What to do: Retype the material that follows exactly, limited to the lines from the one with "2) Построение вертикально-интегрированной" through the one with "A spin-1 system can", and keep out all pictures.

Exercise data:
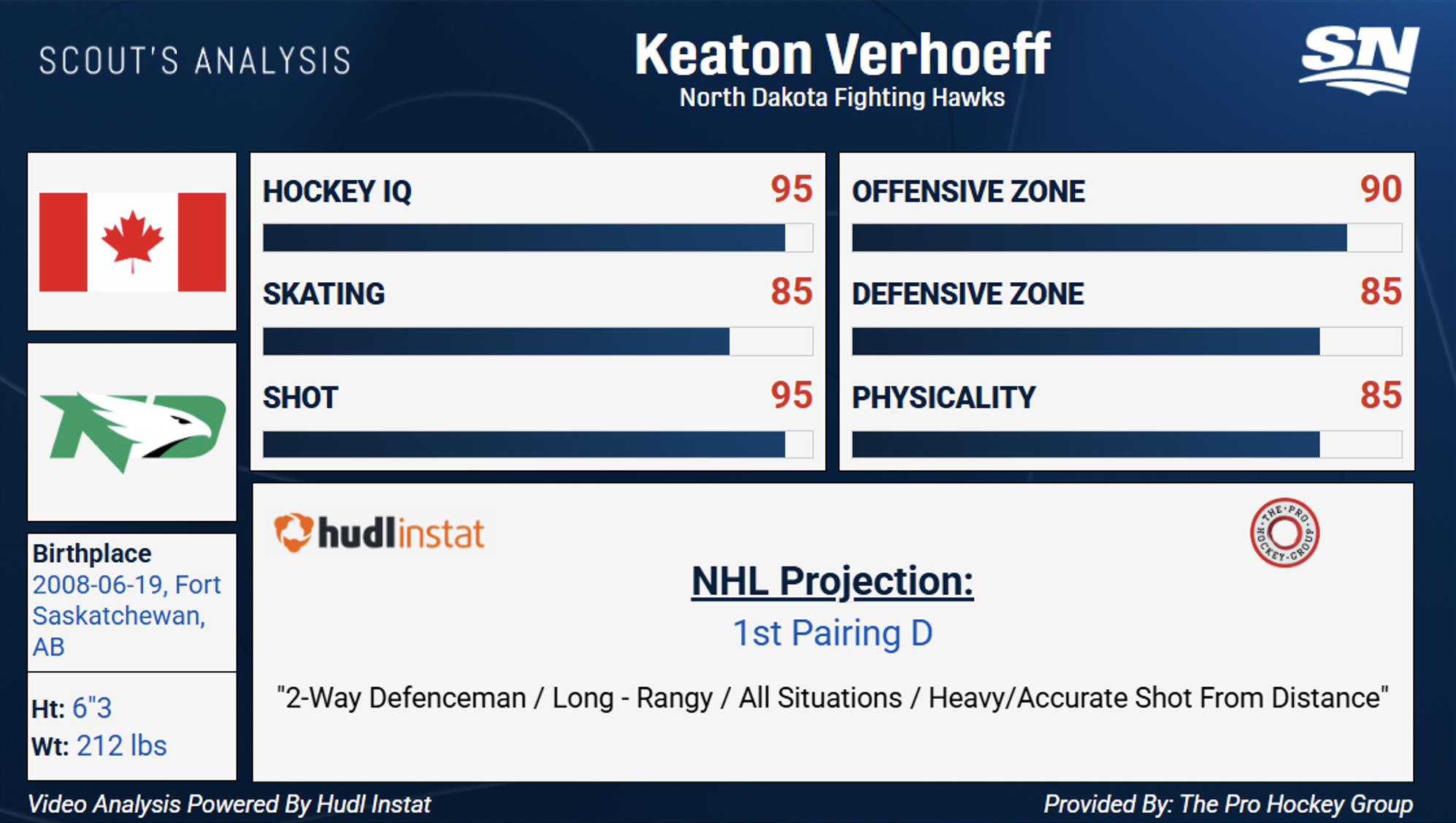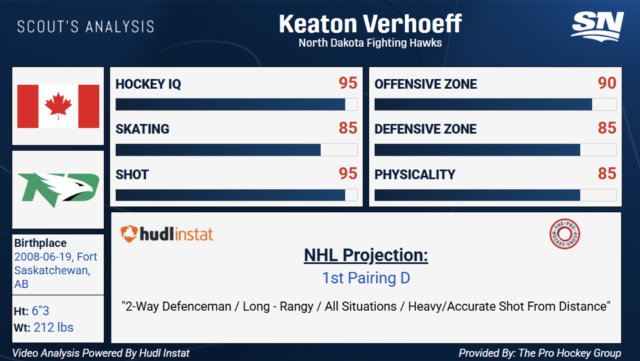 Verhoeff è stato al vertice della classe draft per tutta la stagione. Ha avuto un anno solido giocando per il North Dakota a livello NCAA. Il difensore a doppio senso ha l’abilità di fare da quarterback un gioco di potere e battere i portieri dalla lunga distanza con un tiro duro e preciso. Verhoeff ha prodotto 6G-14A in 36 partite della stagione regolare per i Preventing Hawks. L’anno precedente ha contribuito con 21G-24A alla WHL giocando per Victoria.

==

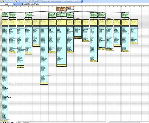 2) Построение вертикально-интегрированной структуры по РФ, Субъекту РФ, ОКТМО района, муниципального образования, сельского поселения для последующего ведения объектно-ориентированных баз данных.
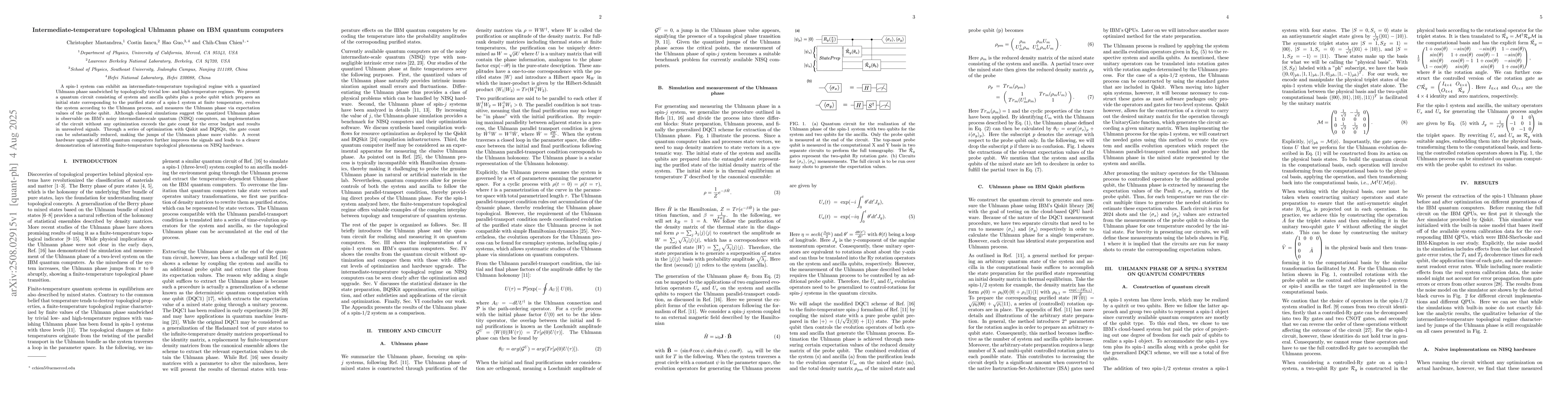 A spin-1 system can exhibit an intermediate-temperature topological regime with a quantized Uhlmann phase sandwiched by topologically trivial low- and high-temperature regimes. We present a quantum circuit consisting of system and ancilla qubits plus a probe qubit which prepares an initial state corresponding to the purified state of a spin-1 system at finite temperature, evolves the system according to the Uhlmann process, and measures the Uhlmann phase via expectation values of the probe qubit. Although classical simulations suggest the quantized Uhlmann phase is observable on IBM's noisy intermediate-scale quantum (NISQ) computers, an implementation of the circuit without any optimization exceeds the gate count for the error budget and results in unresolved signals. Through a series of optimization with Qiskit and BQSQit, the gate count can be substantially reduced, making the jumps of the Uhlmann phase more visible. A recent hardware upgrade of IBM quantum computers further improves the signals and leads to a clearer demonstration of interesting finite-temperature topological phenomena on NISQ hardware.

Result for this task:
 2) Построение вертикально-интегрированной структуры по РФ, Субъекту РФ, ОКТМО района, муниципального образования, сельского поселения для последующего ведения объектно-ориентированных баз данных.
 A spin-1 system can exhibit an intermediate-temperature topological regime with a quantized Uhlmann phase sandwiched by topologically trivial low- and high-temperature regimes. We present a quantum circuit consisting of system and ancilla qubits plus a probe qubit which prepares an initial state corresponding to the purified state of a spin-1 system at finite temperature, evolves the system according to the Uhlmann process, and measures the Uhlmann phase via expectation values of the probe qubit. Although classical simulations suggest the quantized Uhlmann phase is observable on IBM's noisy intermediate-scale quantum (NISQ) computers, an implementation of the circuit without any optimization exceeds the gate count for the error budget and results in unresolved signals. Through a series of optimization with Qiskit and BQSQit, the gate count can be substantially reduced, making the jumps of the Uhlmann phase more visible. A recent hardware upgrade of IBM quantum computers further improves the signals and leads to a clearer demonstration of interesting finite-temperature topological phenomena on NISQ hardware.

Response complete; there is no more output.